Recently, I was working on the table for my disc grinder. I'll publish pix when the grinder is done, or you can follow along on my site: http://www.cnccookbook.com/CCDiscSander.htm

What I wanted to pass along here is a little comparison work on two popular fly cutters:







I know you must have seen the one on the right, or its like. They seem to be the most common. I got the one on the left off eBay when I went looking for a really big flycutter for facing larger plates. You can make one two. I believe Widigitmaster has plans for one over on CNCZone somewhere. 

Here is a sample cut with the smaller flycutter for my grinder table:






It's not bad, but I hate that ugly line making two passes leaves.

Now here is the result from the larger flycutter:






That's a much happier result. It isn't as good as ground, and I won't claim a mirror finish, but it is flat, which is what I was looking for.

One more thing to notice for newcomers:






That's a closeup from the first flycutter. Note how you can see a Moire sort of pattern? The circular tool marks go both ways, indicating both sides of the plane of the cut were engaging. They're not quite even though, indicating the head of my mill was slightly out of tram (i.e. not square). The bigger the flycutter, the more sensitive it is to tram. Note on the pic from the big cutter (the one with the 1-2-3 block on the surface) you only see one set of marks? With the arm so long, the difference in cutting depths at the two sides of the cutting plane is now enough that you can clearly see the out of tram condition.

The tram hardly matters for this operation, but if I need to cut something accurately, I'll have to get out my Indicol and tram that head!

You'll also note some irregularity around the edges. That indicates flexure. Too much overhang from that vise. Ideally, I would have supported the plate at the ends with some machinist's jacks to help that situation. Again, it hardly matters for my grinder table, but I want to pass along such tips if you need more precision.

Cheers,

BW


----------



## BobWarfield (Jan 22, 2008)

One more pic. I like to run these cutters fast enough to generate "blue" chips:






That's too much for HSS steel cutters, but my flycutters use brazed carbide lathe tools. Blue is okay with carbide. For HSS, brown is about as much as you want to see.

Cheers,

BW


----------



## rake60 (Jan 22, 2008)

Nice Pics Bob!

Would you please add a little information as to the depth of cut and feeds you use 
when running your cutters.

A flycutter is great for covering a big surface.
For most machines they are not a tool you would want to subject to a heavy cut.
For my own homemade mini flycutter in my .030 depth of cut is a maximum.
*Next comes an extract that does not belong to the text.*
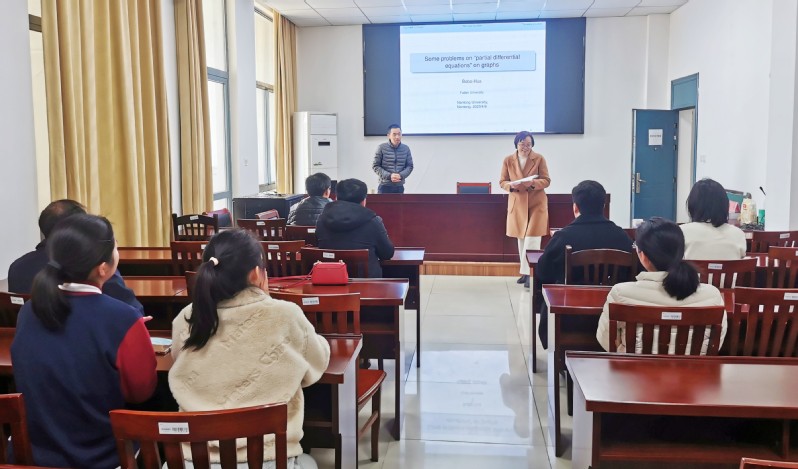 4月8日上午,复旦大学华波波教授做客成人影院 理学院,做了题为“图上的一些‘偏微分方程’问题”的学术报告。报告由理学院院长陈玉娟主持,理学院部分教师和研究生聆听了报告。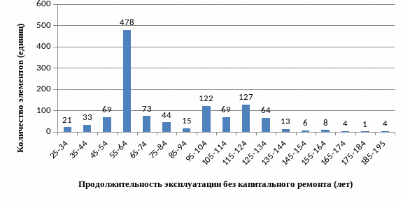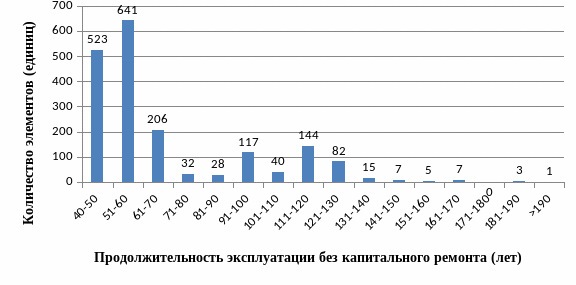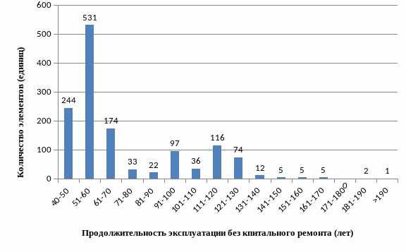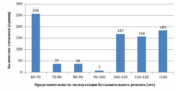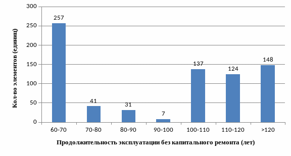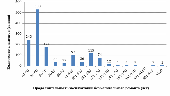 Наибольшее количество многоквартирных домов без капитального ремонта фундаментов сверх нормативного срока приходится на временной отрезок от 60 до 70 лет. Остальные данные представлены на рисунке 2.6.

The chips you have there look to be at least double that.
Of course that is not on a mini mill either.

What depth of cut can you get with those cutters without horsing your mill?

Great information!
Thanks for posting it here!!

Rick


----------



## BobWarfield (Jan 22, 2008)

Rick, there's a lot of magnification in the chip picture. In reality, I was cutting about 15 thousandths (0.015") max depth of cut as measured on my quill DRO. I drop back to 5-10 thousandths on the last pass in hopes of a little nicer finish. 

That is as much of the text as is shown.